This is getting outside my wheelhouse but, as I understand it, Mathematica makes use of numerical libraries written in Fortran, including BLAS and LAPACK (see https://mathematica.stackexchange.c...entation-used-internally-for-numerical-matrix). Currently, they use the Intel MKL implementation, but that (presumably) won't work on AS.

Thus I concluded that, in producing a native AS build of MMA, WRI would need to to compile those Fortran libraries, which means they would need an AS Fortran compiler. But if I'm incorrect about this, I'd be happy to hear from someone that understands this better than I do.
 
Currently, they use the Intel MKL implementation, but that (presumably) won't work on AS.

Did you understand the question I asked?
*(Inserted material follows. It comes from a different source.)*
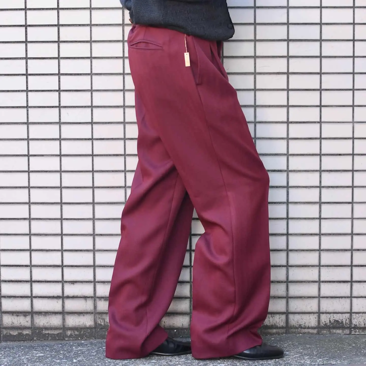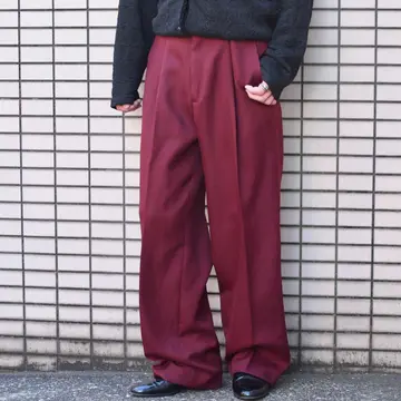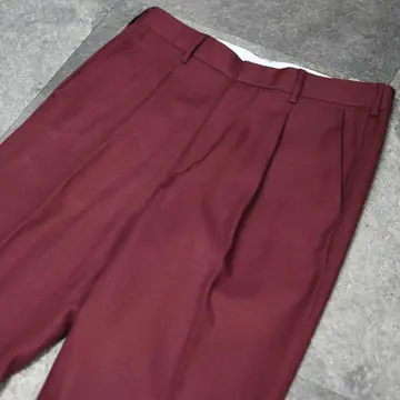 古着 ヘリンボーン織り ワインレッド カラースラックス タックパンツ
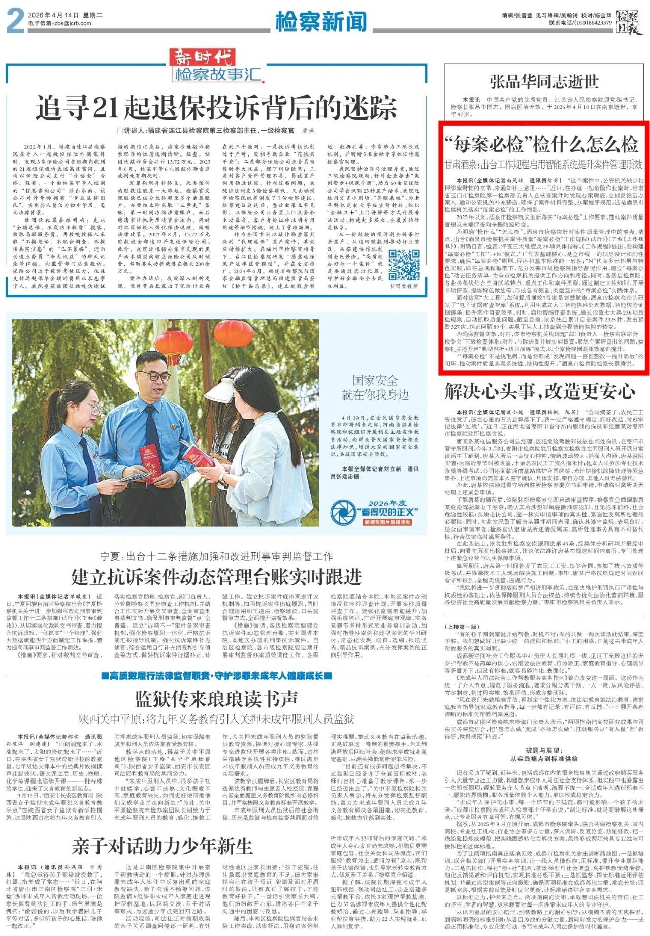 2026年4月14日,检察日报刊发《“每案必检”检什么怎么检 甘肃酒泉出台工作规程启用智能系统提升案件管理质效》。

Theo Grey demonstrated a CDF player on the iPad way back in 2102:


And the full-blown Wolfram Player has been available for iOS since 2017.

There are no limitations of computable Wolfram expressions noted for this product. It clearly runs on Apple's iPhone/iPod Touch/iPad silicon implementations -- the same instruction set implemented on the M1 chip. An executable to provide that LAPCK functionality has clearly been available on those platforms for years. Why couldn't that same code base be used for their Universal 2 build?
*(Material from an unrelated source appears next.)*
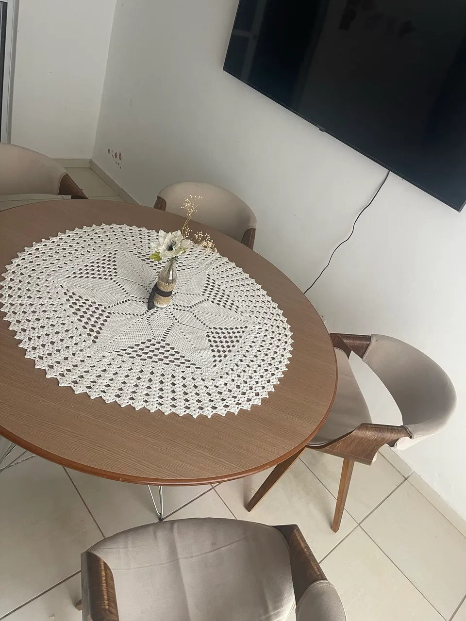 Transforme sua sala de jantar com este elegante jogo de mesa! Design moderno e sofisticado que combina perfeitamente com qualquer ambiente. Perfeito para refeições em família ou para receber seus convidados com muito estilo.

The Stackexchange link you provided does not answer that question. It's an old inactive discussion.
 
Did you understand the question I asked? Theo Grey demonstrated a CDF player on the iPad way back in 2102:


And the full-blown Wolfram Player has been available for iOS since 2017.

There are no limitations of computable Wolfram expressions noted for this product. It clearly runs on Apple's iPhone/iPod Touch/iPad silicon implementations -- the same instruction set implemented on the M1 chip. An executable to provide that LAPCK functionality has clearly been available on those platforms for years. Why couldn't that same code base be used for their Universal 2 build?
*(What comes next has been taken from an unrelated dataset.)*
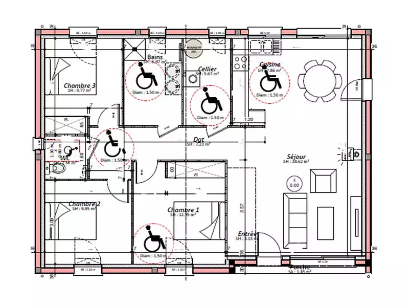 Teloché : maison de 5 pièces (94 m²) à vendre , Normes Handicapés

The Stackexchange link you provided does not answer that question. It's an old inactive discussion.
I thought I understood your question, and I answered it the best I could. And while the last activity on that link is 2 years old, the information in it—that Mathematica uses BLAS and LAPACK—should still be current.

As for Wolfram Player, I didn't think it was relevant, because while it has many of the the computational abilities of Mathematica, it doesn't have all of them. As installed on my Mac, Wolfram Player is 3 GB, while MMA 12.1.1 is 12 GB. According to the Wolfram website, Player contains ~3,000 functions, while Mathematica contains ~5,000.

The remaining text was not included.